10.1

Hytha is a gorgeous planet. 

I looked it up once when I was sixteen or seventeen. I was too nervous about the idea before then—to look up the planet where I’d come from before Amerov. I remember sitting in a hotel room on some foreign planet and searching it up on my tablet, scrolling through planet files until I got frustrated with the lack of any memories magically appearing.

I didn’t know the name of the orphanage from where I’d come, so I’d searched all the ones on the planet and scrolled the public info, getting likewise discouraged. 

I never let my curiosity get the better of me again. 

This place requires access to enter, even with no restrictions. I hover our ship above atmosphere, zoning out at the blinking light on the console as Hytha processes our request. According to the siblings, there won’t be problems getting in. And as promised, I wasn’t asked for identifying information. I’m sure they’ll take note of the number on my ship, but that doesn’t mean much. Most planets aren’t filtering ship numbers to Amerov, especially not a planet like this. It does a lot of commerce, and crime is shockingly low.

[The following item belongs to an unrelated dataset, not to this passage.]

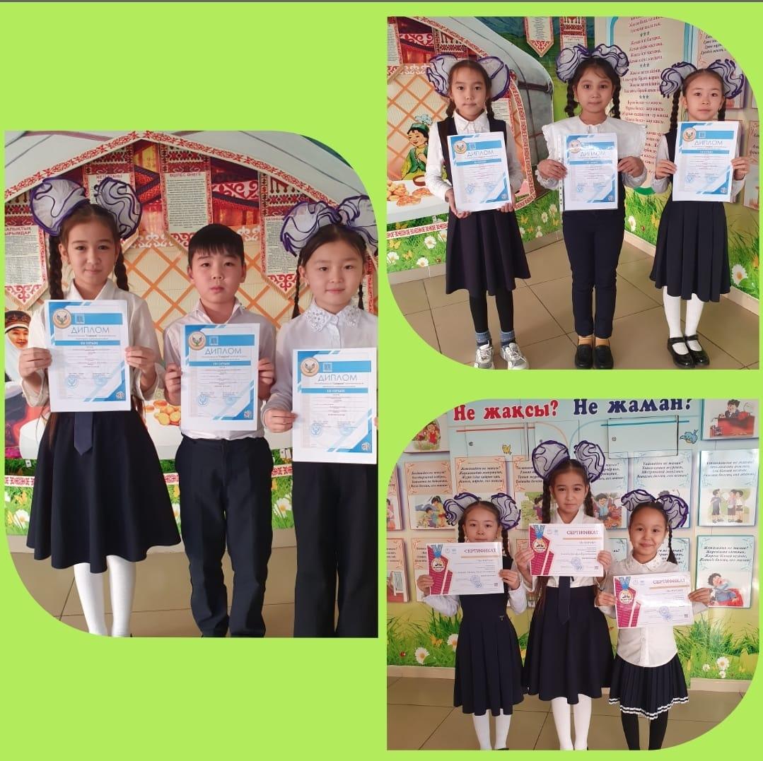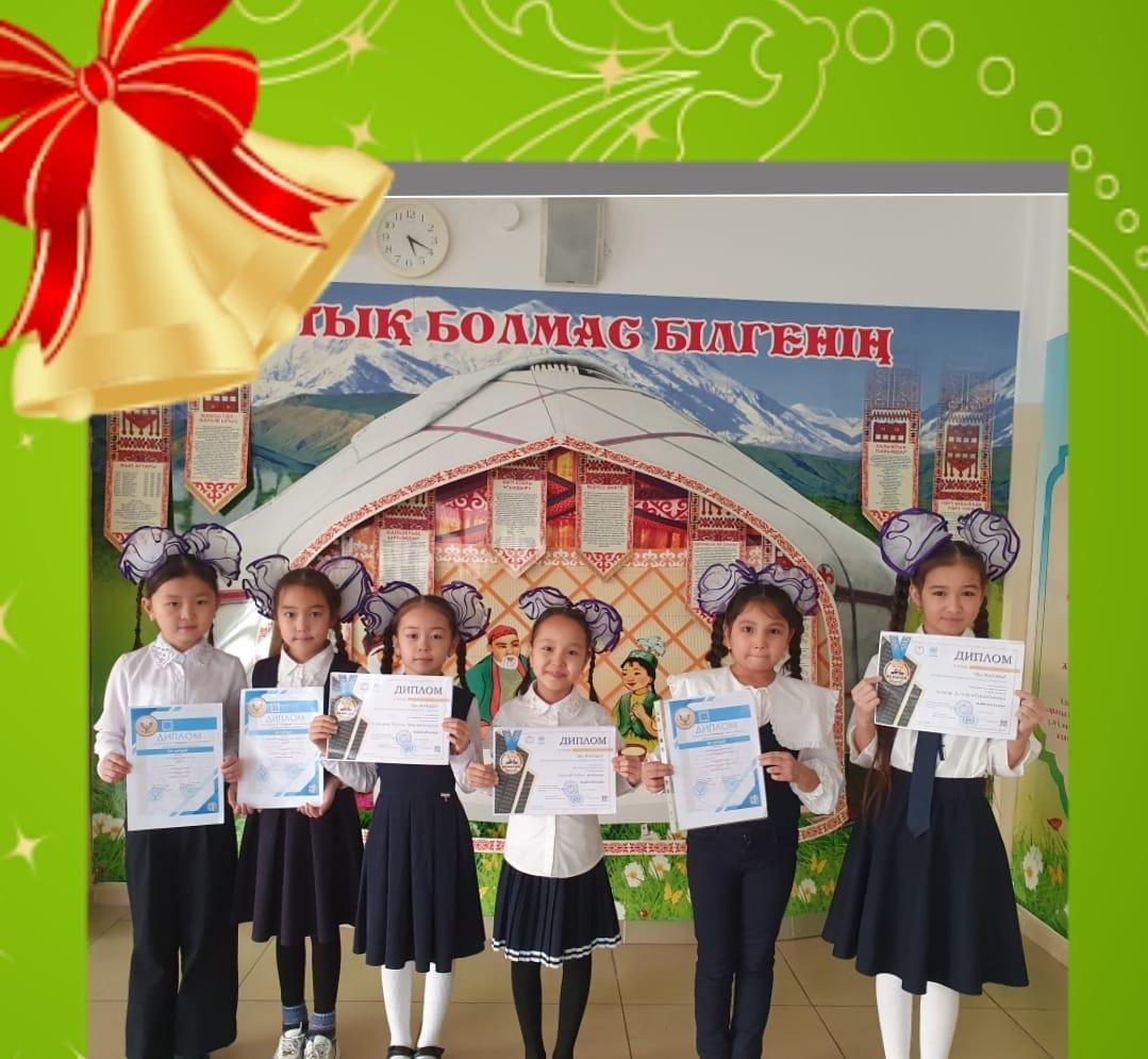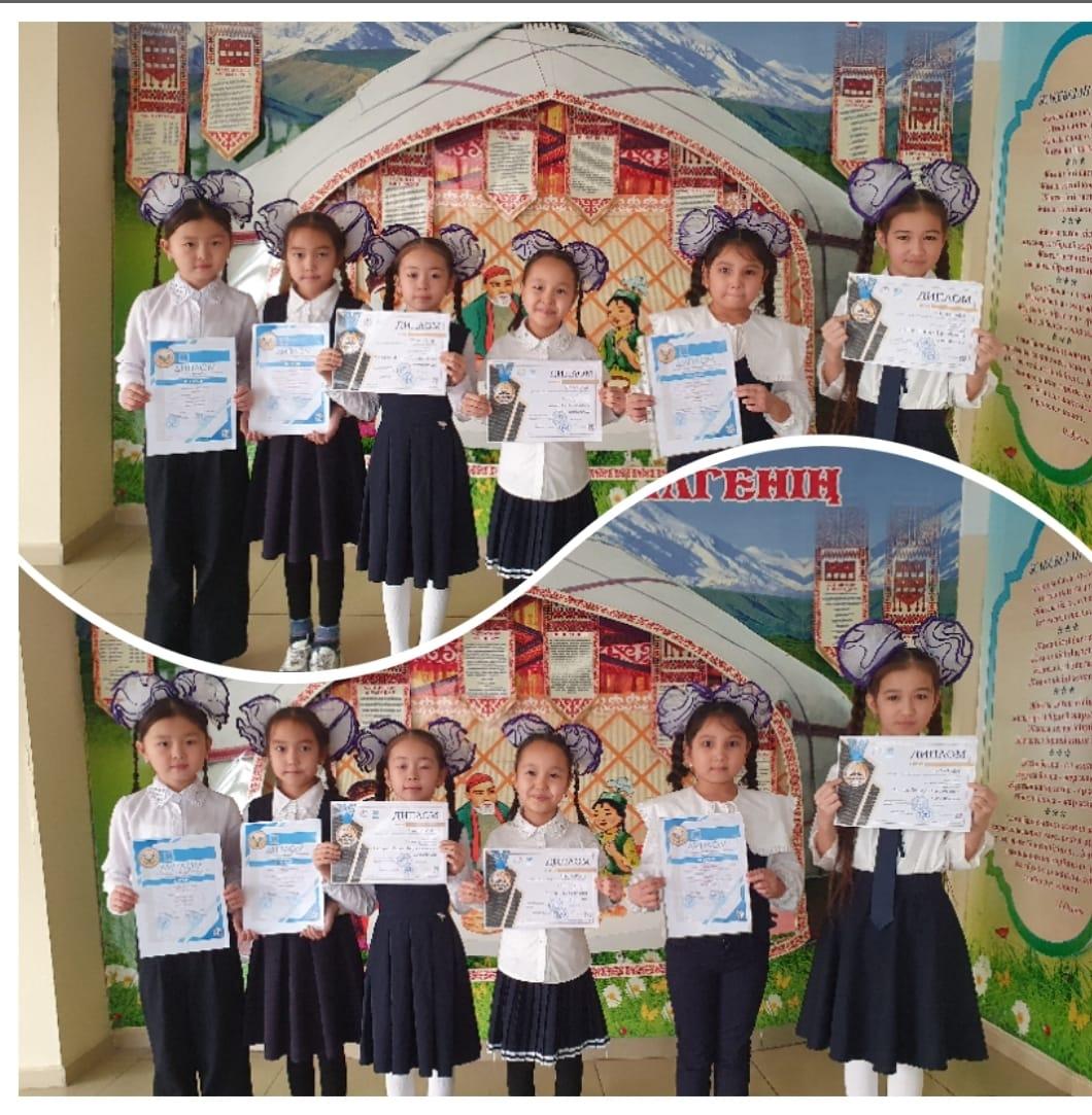 " ӘЛ-ФАРАБИ " республикалық зияткерлік олимпиадасының жеңімпаздары I,IIдәрежелі дипломмен марапатталды. Сынып жетекшісі:Умбетбаева Гулбахыт Ергешовна
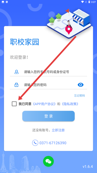 2、在职校家园登录页面中,首先点击勾选我已同意按钮后开始操作。

Hopefully, that means there won’t be cyborgs around. Not that I’ll be going deep into the cities anyway.

As we left Lex and Abraham’s house, I’d been fine with the idea of this visit, reassured by Zane’s conversation and their apparent desire to meet me even without proof. But the closer I get and the more I think about it, the more I think perhaps we should turn around. Or maybe I’ll just stay in my ship. I live in it, after all, there’s no reason I have to go into the siblings’ house. I don’t really have to interact with their parents very much. We can stay here a few days, perhaps I can work on how to get the viewport fixed, Zane can recover some more, I’ll check out the orphanages in person, and I don’t have to interact. 

I don’t have to interact, do I?

“Are you okay?”

I’ve grown accustomed to Anya’s small voice. She’s standing in the door of my bunk room, head cocked, looking more concerned than a kid ever has in my direction. 

“Fine, why?”

“You look like I did when I had to do a presentation in class.”

I snort. I hadn’t considered how much schooling the kid is probably missing out on. At least I can’t say most of it is because of me. Amerov did the worse of it. I never got much formal education to begin with, none after I left Amerov. She’s probably ahead of me already.

She sits on the console and reaches up to pet Bat in his little cot. There’s a hiss, but he doesn’t snap at her. At this point, I think he’s being purposefully grumpy. I can tell he likes the cuddles if it comes from the harmless little princess.

“Why are you nervous?”

She’s probably not going to let this go. Zane and Lalia are both in my bunk room, but Yvonne is napping in one of the chairs behind me. Which I’m certain means she’s listening.

“We’re going to meet Zane and Lalia’s parents.”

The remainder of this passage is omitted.